Institute of Cardiovascular Sciences, University of Manchester, Manchester, UK

Correspondence to Ashley S. Izzard, PhD, Institute of Cardiovascular Sciences, Core technology Facility (3rd Floor), University of Manchester, 46 Grafton St, Manchester M13 9NT, UK. Tel: +44 161 275 1227; fax: +44 161 275 1183; e-mail:

Increased stiffening of the aorta relative to the carotid arteries results in increased carotid arterial pressure and flow pulsatility, and this is associated with diffuse microvascular brain lesions (including increased white matter hyper-intensity volume and sub-cortical infarcts) and cognitive impairment [1]. Thus, the aforementioned study provides an important link between previous studies that have shown that increased aortic stiffness is associated with microvascular brain lesions in hypertensive patients [2] and that arterial stiffness is an independent predictor of longitudinal changes in cognitive function in the older individual [3]. It has also been shown that stiffening of the aorta is associated with reduced cerebral perfusion in deep sub-cortical frontal and parietal white matter, regions of the brain predisposed to microvascular damage [4,5].

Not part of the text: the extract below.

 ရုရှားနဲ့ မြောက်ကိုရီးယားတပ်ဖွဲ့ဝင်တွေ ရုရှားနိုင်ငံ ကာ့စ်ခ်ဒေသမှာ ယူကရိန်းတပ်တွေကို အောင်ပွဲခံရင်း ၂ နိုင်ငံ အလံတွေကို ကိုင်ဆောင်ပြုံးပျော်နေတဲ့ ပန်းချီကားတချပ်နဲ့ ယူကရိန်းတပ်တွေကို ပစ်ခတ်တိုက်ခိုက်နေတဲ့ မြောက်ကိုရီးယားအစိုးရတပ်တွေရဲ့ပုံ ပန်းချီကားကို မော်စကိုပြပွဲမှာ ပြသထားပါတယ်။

Regular exercise is associated with an attenuation of age-related arterial stiffening [6] and has a beneficial effect on cognition [7]. In the current issue of the Journal, Tarumi et al. [8] have taken the next step forward and examined associations between cardiopulmonary fitness, cognitive function, central artery stiffness (aortic pulse wave velocity and carotid ultrasound) and, in a sub-set, cerebral perfusion in sedentary and endurance-trained middle-aged adults. Although, by necessity, certain aspects of this study are confirmatory, this is the first time that associations between all the aforementioned parameters have been measured in the same study. The authors observed lower central artery stiffness, greater cognitive function and greater regional cerebral perfusion in endurance-trained middle-aged adults compared with the sedentary group, and conclude ‘These results suggest that habitual aerobic exercise and the maintenance of a lower central artery stiffness in midlife may attenuate the pathological process leading to cognitive decline in later life’.

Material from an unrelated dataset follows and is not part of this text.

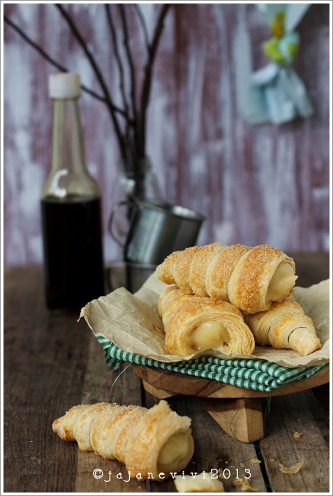 Berbentuk teropong inilah kue cumcum yang diisi fla dan dilapisi berlapis-lapis kulit pasry. kulit pastry, yang gurih dan campurkan tepung, margarin yang menjadi fla sangat lembut ketika kita mamakannya

It has been suggested that increased pulse pressure in the cerebral circulation due to stiffening of the aorta results in cerebral hyoperfusion (or the consequences thereof) [1,8–11]. If this is the case the question is as to what is the mechanism. O’Rourke and Safar [9] proposed that because the brain (and kidney) receives a high blood flow, the arteries are exposed to higher pulsatile circumferential stress and shear stress compared with the other vascular beds, hence the cerebral (and renal) circulation is particularly vulnerable to microvascular damage when pulsatility is increased further due to stiffening of the large arteries. As to the nature of the microvascular damage, the authors discuss the findings of Byrom [12], which are based to a large extent on his observations of rats with experimentally induced (Goldblatt) hypertension. In this study, where arterial spasm (which in fact is probably protective) and arterial necrosis are major findings, the hypertension was quite severe and the findings may be, at least in part, a consequence of the high mean arterial pressure (MAP) than the pulse pressure alone.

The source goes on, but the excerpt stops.